First Trust NASDAQ Clean Edge Green Energy Index Fund (QCLN - Free Report) —8.7% exposure
The fund tracks the NASDAQ Clean Edge Green Energy Index in which bigger companies receive a larger index weighting but places upper limits on stock holdings to prevent high concentration among larger alternative energy stocks. The fund comprises 39 holdings with Tesla occupying the first spot. AUM is $88.3 million and expense ratio is 0.60%. It has a Zacks ETF Rank #3 (Hold) with a Medium risk outlook. The ETF has returned 10.9% in the past four weeks (as of Jan 18).

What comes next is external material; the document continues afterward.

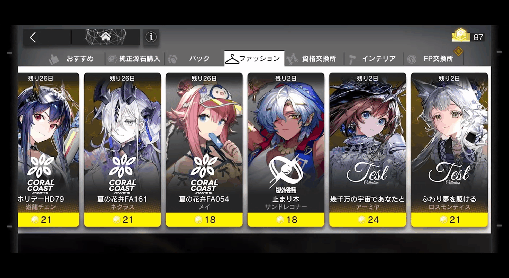 その時その時でおいてる衣装って多くても5,6個だった気がする。こんなの源石がいくつあっても足りないすよ。

VanEck Vectors Global Alternative Energy ETF (GEX - Free Report) —8.4% exposure
The fund follows the Ardour Global Index which tracks the performance of companies involved in the business of alternative energy, including power derived principally from bio-fuels, bio mass, wind, solar, hydro and geothermal sources. It also includes various technologies that support production, use and storage of these sources. It comprises 30 holdings with Tesla occupying the fifth spot. AUM is $84.5 million and expense ratio is 0.63%. It has returned 10.3% in the past four weeks (as of Jan 18).
ARK Innovation ETF (ARKK - Free Report) — 8.1% exposure
This is an actively managed ETF which includes companies that rely and benefit from innovations taking place in a wide variety of sectors. It comprises 36 holdings with Tesla Inc occupying the top spot. The fund’s AUM is $1.3 billion and expense ratio is 0.75%. It has returned 19.4% in the past four weeks (as of Jan 18) (read: 5 Rising Technology ETFs in 2019).
Global X Lithium ETF (LIT - Free Report) —5.5% exposure
The fund tracks the Solactive Global Lithium Index which tracks the performance of the largest and most liquid listed companies that are active in the exploration and mining of Lithium or production of Lithium batteries. It comprises 40 holdings with Tesla Inc occupying the fifth spot. The fund’s AUM is $607.6 million and expense ratio is 0.75%. It has returned 7.7% in the past four weeks (as of Jan 18).